Old Foresters
- Full name: Old Foresters Football Club
- Founded: 1876
- Ground: Oakfield Playing Fields, Fairlop
- League: Arthurian League
| Home colours |

= Old Foresters F.C. =

Association football club in England

The Old Foresters Football Club is an association football club made up exclusively of former pupils of Forest School, located in Epping Forest, Walthamstow, London, England.

The Old Foresters Football Club is probably one of the half dozen or so oldest football clubs in the world.
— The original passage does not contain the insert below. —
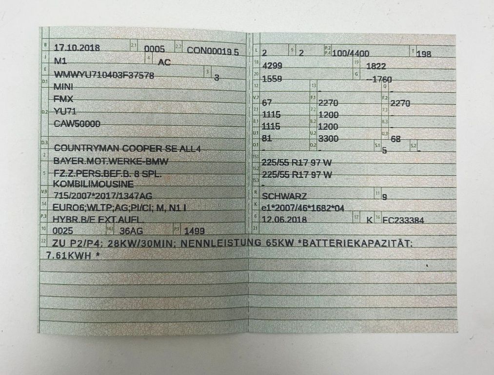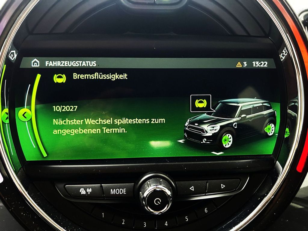 Antriebsart: Allradantrieb, Autom. Begleitfunktion der Beleuchtung (Follow me home), Blinkleuchten Weiß, Bremsassistent, Bremsenergierückgewinnung, Dach Wagenfarbe, Dachhimmel Satellite Grey, Dachspoiler, Drehzahlmesser, Dynamische Bremsleuchte, Elektromotor 65 kW (Hybridantrieb), Elektron. Bremskraftverteiler, Erste Hilfe-Kasten / Verbandkasten, Exterieurumfänge Sidescuttles mit integrierten Blinkern, Fahrassistenz-System: Auffahrwarnsystem mit Bremsfunktion, Gepäckraumabdeckung / Rollo, Getriebe Automatik - mit Steptronic (6-Stufen), Getränkehalter, Griffleiste Heckklappe, Schwarz hochglänzend, Hybrid 165 kW (Motor 1,5 Ltr. 100 kW), Innenausstattung: Color-Line Carbon Black, Innenausstattung: Interieur-Oberfläche Hazy Grey, Karosserie: 5-türig, Klimaanlage, Lenkrad (Sport/Leder), Lenksäule (Lenkrad) mechan. verstellbar, MINI Driving Modes, Nebelschlussleuchte, Parkbremse elektrisch, Personalisierungssystem (Personal Profile), Radstand 2670 mm, Rücksitzlehne geteilt/klappbar, Schadstoffarm nach Abgasnorm Euro 6, Schalt-/Wählhebelgriff Leder, Schaltpunktanzeige, Scheibenwaschdüsen und Außenspiegel beheizt, Sitzausstattung: 5-Sitzer, Sitzbezug / Polsterung: Stoff Firework, Sitze vorn höhenverstellbar, Sitze vorn mechanisch verstellbar, Sonnenblenden mit Spiegel, Türgriffe innen verchromt, Wagenheber, Warndreieck, Wärmeschutzverglasung getönt, Zentralinstrument mit LED-Ring

It has a continuous and proud history going back before its own formal constitution in 1876 and the founding of The Football Association in 1863. Forest played a considerable part in the development of association football and Rugby Football, and "The Common" in front of the school may well be regarded as a cradle of the game.

Forest School F.C. is the second oldest continuous member of the F.A. (since December 1863), behind only the Civil Service, and it is the only school to have played in the FA Cup (Donington School entered the first F.A. Cup but never actually played a game). The Old Foresters Football Club's main on-field achievements are reaching the quarter-final of the F.A. Cup in 1882, and the last sixteen a further three times. The Old Foresters have won the prestigious "old boys cup", The Arthur Dunn Cup three times, the Essex Cup three times and the London Senior Cup twice. Two Old Foresters F.C. players have played for England while at the club: Percy Fairclough and Fred Pelly.
Old Forester Robin Trimby played for England Amateur Team in the late 1950s and co-wrote several books on football skills including one co-written with Jimmy Hill.
Old Forester Quinton Fortune appeared in the first Boodle & Dunthorne ISFA Cup Final in 1993, whilst a schoolboy player with Tottenham. Quinton later went on to play for Real Mallorca, Atletico Madrid, Manchester United and Bolton Wanderers, as well as for South Africa, for whom he appeared in both the 1998 and 2002 World Cup Finals.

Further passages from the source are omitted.